Monday, February 6, 2017

This is not your burden

    I had one of those weeks where everything started bad and I felt as if the Universe was punishing me. I felt like I deserved all that was happening because I have not been a "good girl" lately. I have not been praying as often as I should, nor reading the scriptures,  or serving others. In general I have been a bad person, one could conclude. I spent monday and tuesday thinking about what I could do to change my situation, but I  failed to come up with a solution. However, on wednesday, the answer came unexpectedly as I sat in my Book of Mormon class. We were dissecting chapter 2 of second Nephi when all of the sudden our professor stop and said something that changed my perspective for good. Something I needed to hear.
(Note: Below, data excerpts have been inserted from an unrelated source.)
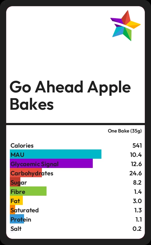 Go Ahead Apple Bakes contains 8.2g sugar in one Bake (35g) - that is around 2 cubes of sugar.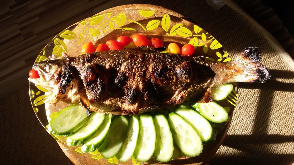 Вчера посетил форелевое хозяйство "Радужный". В маленьком озере форель крайне умная, гоняет мелкого малька верховки и собирает падающих насекомых. Удалось уговорить одного красавца. Тоже сказали что запуск свежей рыбы, будет на той неделе.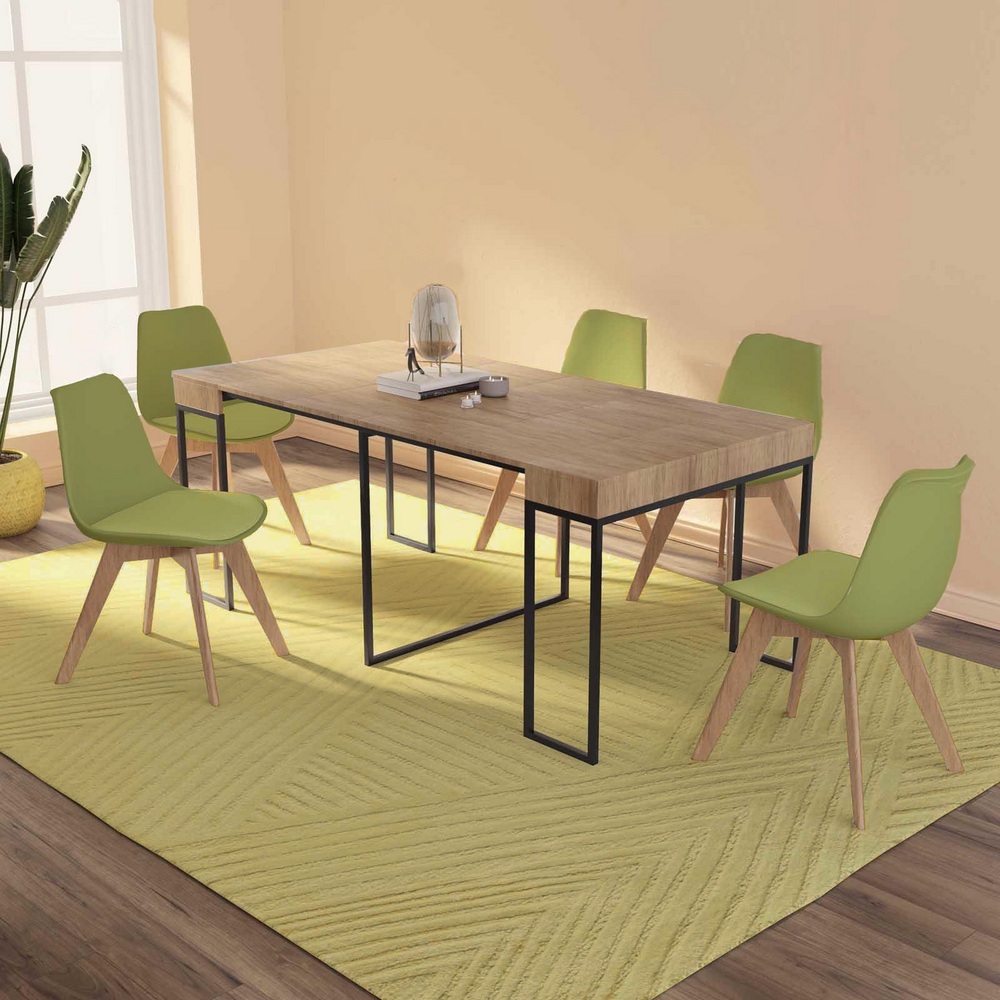 -24%Consolle trasformabile in tavolo da 4-6-8 posti grazie alle 3 allunghe in dotazione, da 45 cm ciascuna. La struttura è realizzata in metallo nero, mentre il piano è in legno mdf.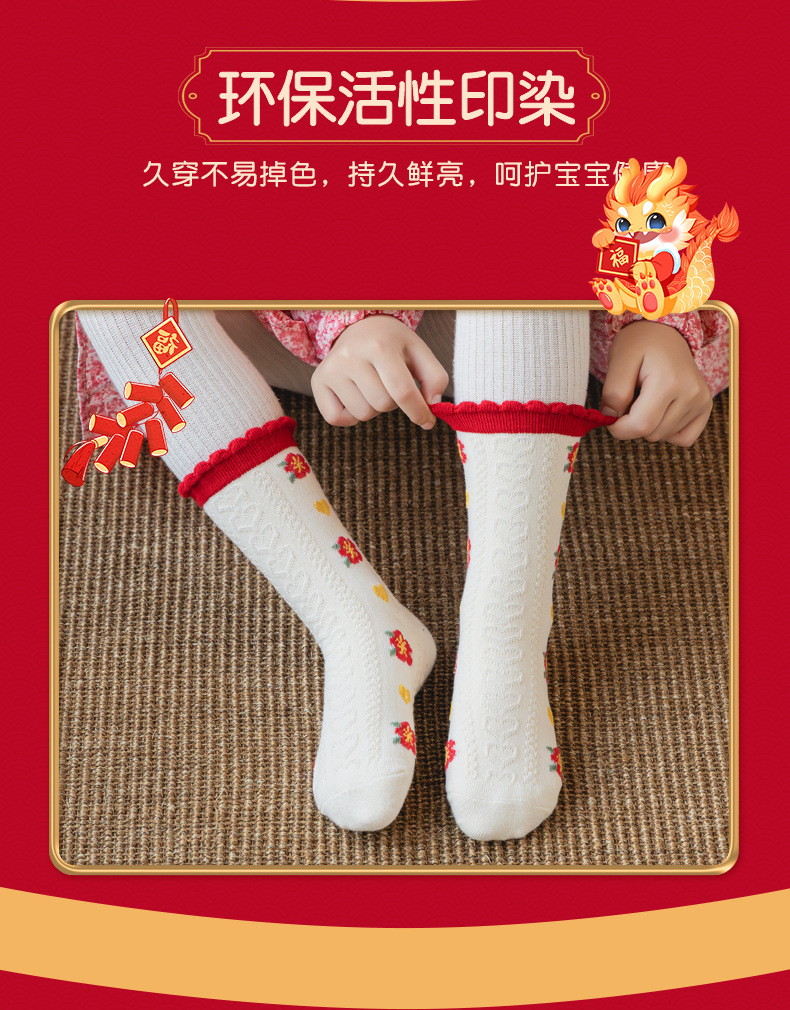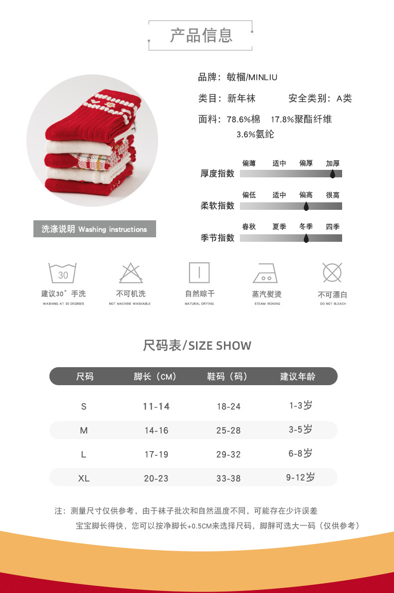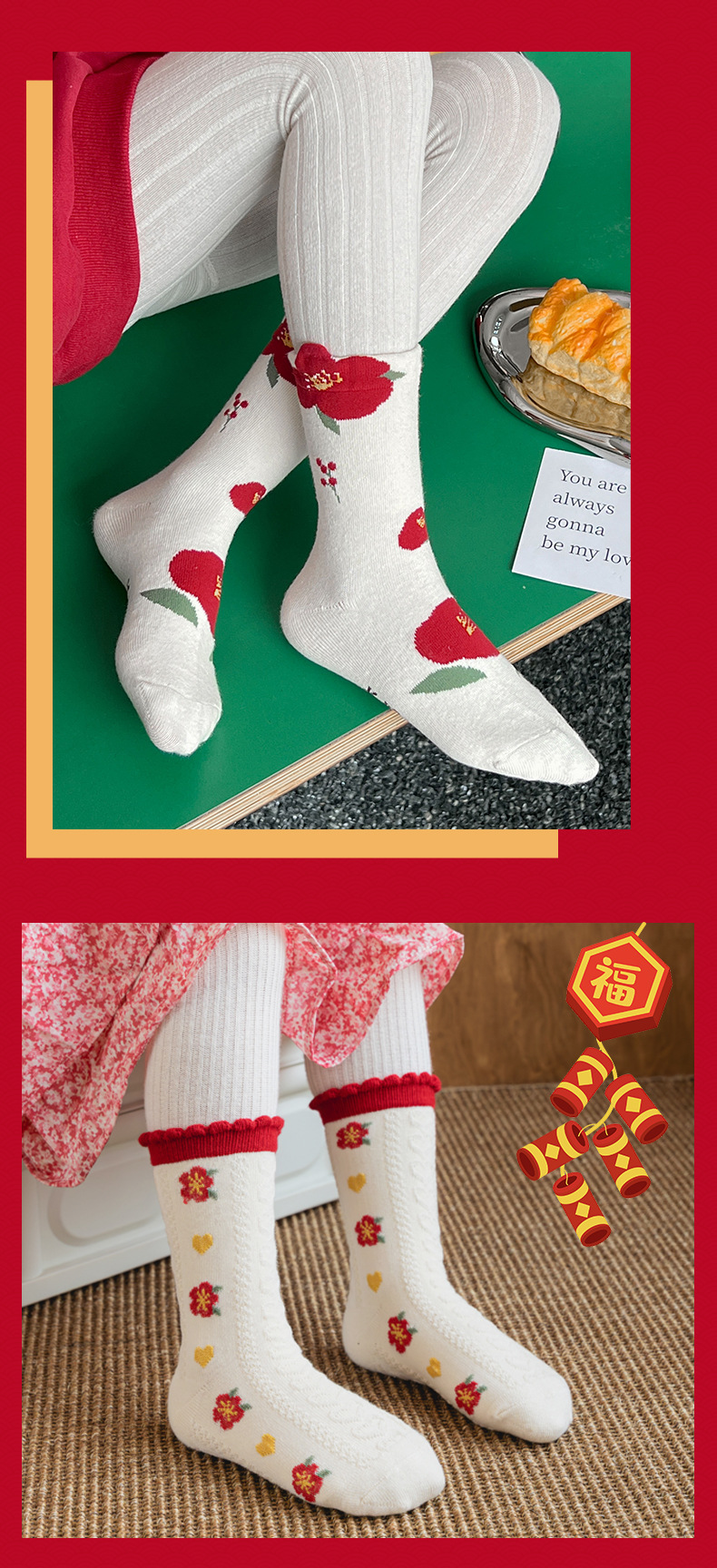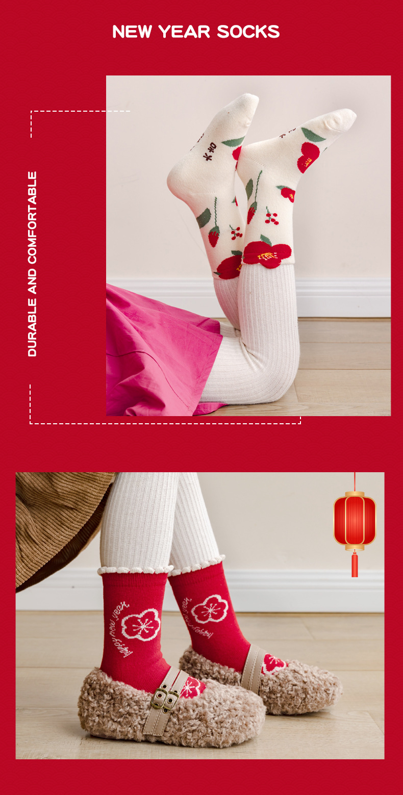 【5双装❗️大红新年儿童袜】秋冬大红新年袜中筒袜,A类品质更放心❗️新春1-12岁宝宝袜棉质,秋冬大红色中筒圣诞袜子

He told us that we needed to stop beating ourselves for being bad people. He said that we needed to remember that we have been living in our physical bodies for has long as we are alive but have been spiritual beings for eternities. So maybe we had a decade of bad in us but we have eternities of good and us, so we should not let the bad have more importance than the good.When he said that, my heart felt so calm because I knew that it was the Lord's words of comfort to me, his dearest daughter. It made me think of my Savior Jesus Christ and his atoning sacrifice for me, and of course one of the scriptures that I used to read over and over on my mission came to me. Doctrine and Covenants 19:16-18: 
For behold, I, God, have suffered these things for all, that they might not suffer if they would repent;
 17 But if they would not repent they must suffer even as I; 18 Which suffering caused myself, even God, the greatest of all, to tremble because of pain, and to bleed at every pore, and to suffer both body and spirit—and would that I might not drink the bitter cup, and shrink— decided that from now on , I was going to let Jesus Christ take care of it all. All I needed to do was repent , start again and let my Savior Jesus Christ take care of the rest. After all, I will never be able to carry my own burdens without his intercession. I am grateful for the atonement of my Savior that I can use in times of trials, happiness, sadness, etc... It is the force through which I can be a better Dhina every day, every hour, every minute and every second of my life. I know that my Savior lives and loves me more than I can comprehend.